You could adapt your importXML formula to grab these instead – or add a new formula in D2 to add this extra information alongside the others (watch out for mismatches where one div may be missing for some reason).

Finding and cleaning links

You’ll notice that the formula above grabs text, but not the links within each job ad. To do that we need to adapt the formula as follows. Try typing this in cell D2:

=ImportXML(“http://www.gorkanajobs.co.uk/jobs/journalist/”, “//div[starts-with(@class, ‘jobWrap’)]//@href”)

This is identical to the previous formula, with one addition at the end:

//@href

What this does is grab the value of any link in the HTML. In other words, the bit after a href=”

You’ll notice that the results are partial URLs, such as /job/3807/senior-account-executive-account-manager/

These are known as relative URLs, because they are relative to the site they are on, but will not work when placed on another site.

This is easily cleaned up. In cell E2 type the following:

=CONCATENATE(“http://www.gorkanajobs.co.uk”,D2)

This creates a new URL beginning with http://www.gorkanajobs.co.uk and ending with the contents of cell D2 – the relative URL. Copy the formula down the column so it works for all cells in column D.

Not always so tidy

Not all websites will be so structured. The more structured the webpage – or the data within it – the better. But you may have to dig into the HTML and/or tweak your formula to find that structure. Or you may have to settle for some rough and ready data that you clean later.

The key advantage of =importXML, however, is how it is able to pull information from HTML into a table that you can then interrogate, with different columns for different parts of that data.

For more help with these processes you can find explanations of how to write expressions in XPath here but be prepared to use trial and error to get the right expression for the question you’re asking. The Vancouver Data Blog offers some specific examples that can be easily adapted.
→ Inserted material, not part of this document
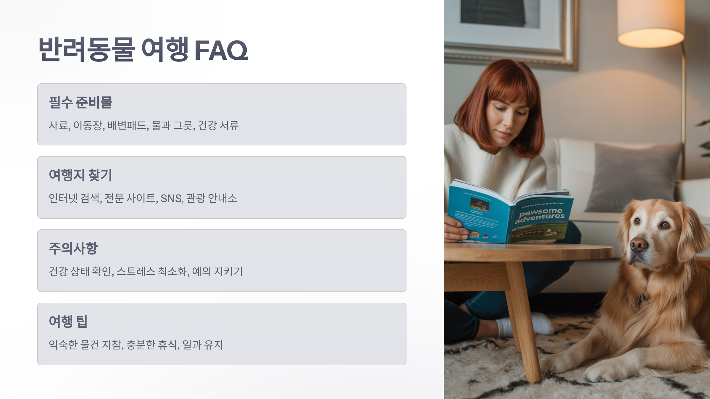 - 주변 환경 파악: 여행지의 반려동물 관련 규정을 숙지하세요.

Getting updates from your spreadsheet

Finally, this can be useful because Google Docs allows you to receive notifications whenever any changes are made, and to publish your spreadsheet as an RSS feed. This is explained in this blog post, which is also the source of the movie above.

And if you want to see all of this in action I’ve published an example spreadsheet demonstrating all the above techniques here.